◆ **Aim of the exercise**: Although the records contain pictures, none belong in the copy: restate word for word only the lines from the one with "Änglarna kommer i" through the one with "Sandalia de doble", both included.

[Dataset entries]
=-=-=-=-=

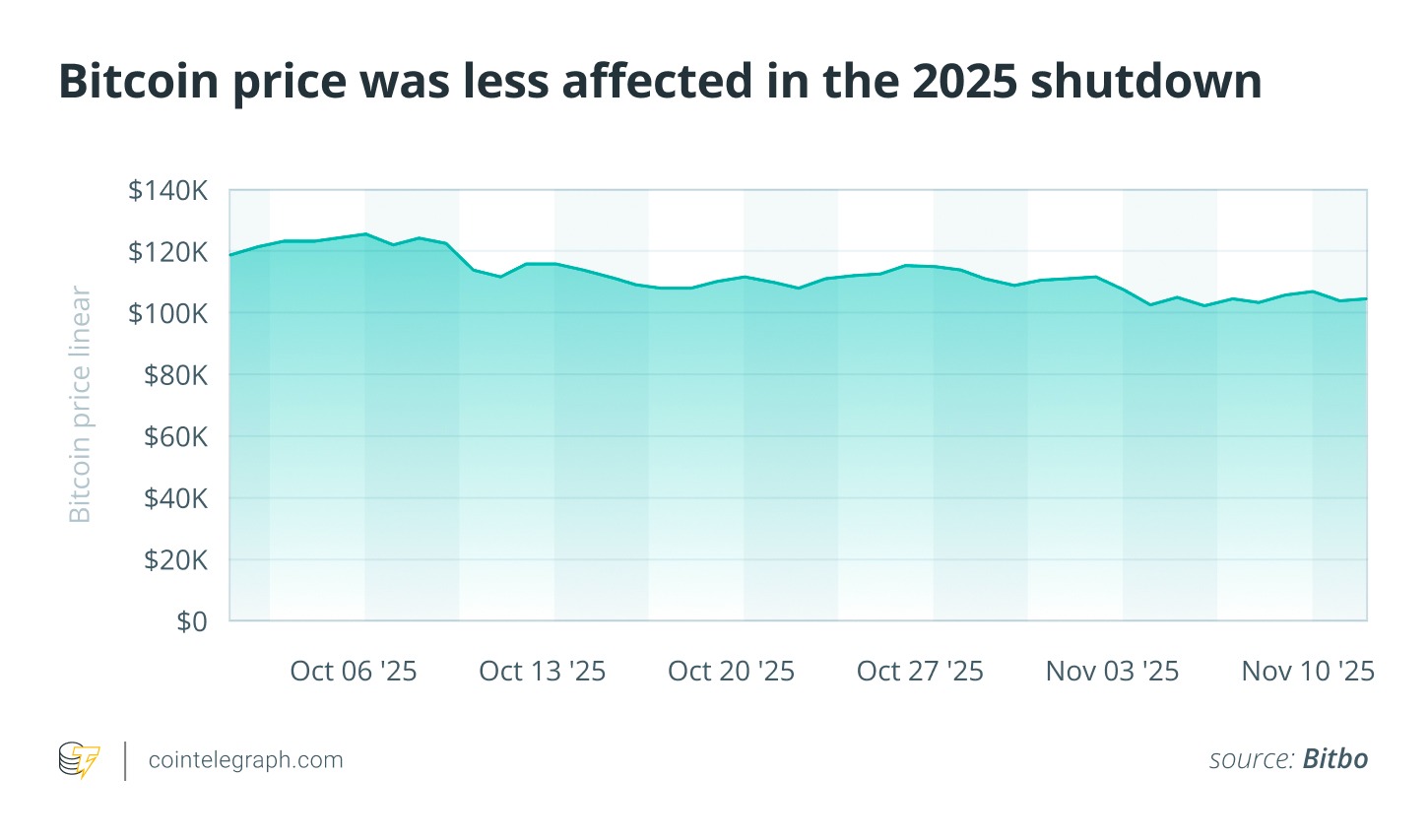 اکنون، تقریباً هفت سال بعد، بیت کوین دوباره در حال دست و پنجه نرم کردن با چالشهای ناشی از تعطیلی دولت است؛ هرچند اینبار شدت این افت کمتر است. قیمت بیت کوین از حدود ۱۲۰,۰۰۰ دلار در آغاز بحران، با حدود ۱۲٪ افت به نزدیکی ۱۰۵,۰۰۰ دلار رسید.
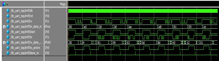 Abovefig-6showsthesimulatedwaveformoftheUARTdata transactionbetweentransmitterandreceiver.Transmission ofthedatahappensonthepositiveedgeoftheclockcycle.
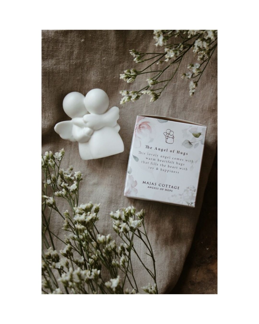 Änglarna kommer i en fin blommig gåvobox med texten:
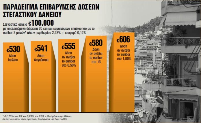 Από την άλλη, στα υφιστάμενα δάνεια κυμαινόμενου επιτοκίου οι δόσεις θα αυξηθούν από τον ερχόμενο μήνα, ανάλογα με τους όρους της σύμβασής τους. Το ετησιοποιημένο τελικό κόστος τους είναι συνδεδεμένο με τα διατραπεζικά επιτόκια euribor, που βρίσκονται ήδη από τον περασμένο Απρίλιο σε ανοδική τροχιά. Απλά μέχρι στιγμής δεν υπήρξαν μεταβολές στις δόσεις στην πλειονότητα των περιπτώσεων, καθώς οι εν λόγω δείκτες βρίσκονταν σε αρνητικό έδαφος. Πλέον όμως το euribor 3 μηνών διαμορφώνεται πάνω από το 0,20%.
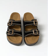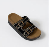 Sandalia de doble hebilla con detalle de aplicaciones metálicas que elevan el diseño clásico.
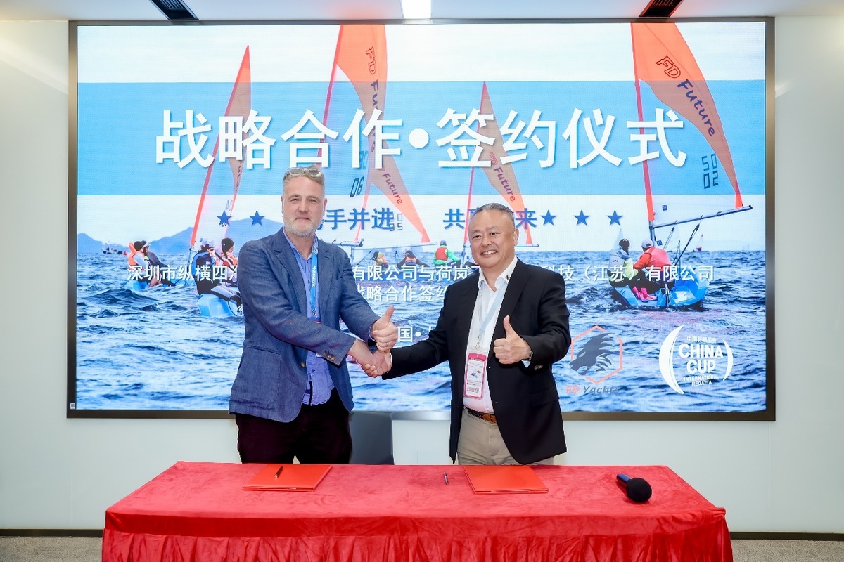 3月29日,在2026上海国际游艇展现场,中国杯帆船赛长期承办方深圳市纵横四海航海赛事管理有限公司,与荷岚飞人船艇科技(江苏)有限公司正式签署战略合作协议。荷岚飞人船艇旗下FD Future系列帆船将成为中国杯帆船赛青少年组别统一设计级别指定船型,双方将携手完善青少年帆船运动从普及推广、人才选拔到国际交流的全链条体系,为中国帆船运动新生代注入新动能。
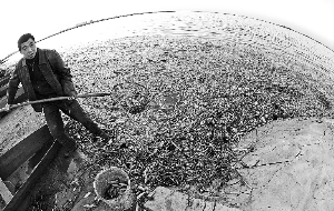 当地一位农民在团结水库堤岸边打捞死鱼。辽宁省沈阳市郊区团结水库被严重污染,过去的清水如今已是浑浊的黑水,密密麻麻的死鱼漂浮在水库的南堤岸边,形成一条2公里长、近两米宽的“银带”。辽宁省、沈阳市环保部门目前已先后赶到事发现场作进一步调查。辽宁省环保部门7日做出的环境应急监测数据显示,沈阳市团结水库被严重污染的水体COD含量为每升水84毫克,超标近3倍。目前水库闸门已关闭,但仍然通过溢洪口向外放水。远在30多公里以外的辽中县城居民反映,当地新建的景观河的水已经开始有臭味了。新华社发

=-=-=-=-=

◆ **Answer to this task**:
 Änglarna kommer i en fin blommig gåvobox med texten:
 Από την άλλη, στα υφιστάμενα δάνεια κυμαινόμενου επιτοκίου οι δόσεις θα αυξηθούν από τον ερχόμενο μήνα, ανάλογα με τους όρους της σύμβασής τους. Το ετησιοποιημένο τελικό κόστος τους είναι συνδεδεμένο με τα διατραπεζικά επιτόκια euribor, που βρίσκονται ήδη από τον περασμένο Απρίλιο σε ανοδική τροχιά. Απλά μέχρι στιγμής δεν υπήρξαν μεταβολές στις δόσεις στην πλειονότητα των περιπτώσεων, καθώς οι εν λόγω δείκτες βρίσκονταν σε αρνητικό έδαφος. Πλέον όμως το euribor 3 μηνών διαμορφώνεται πάνω από το 0,20%.
 Sandalia de doble hebilla con detalle de aplicaciones metálicas que elevan el diseño clásico.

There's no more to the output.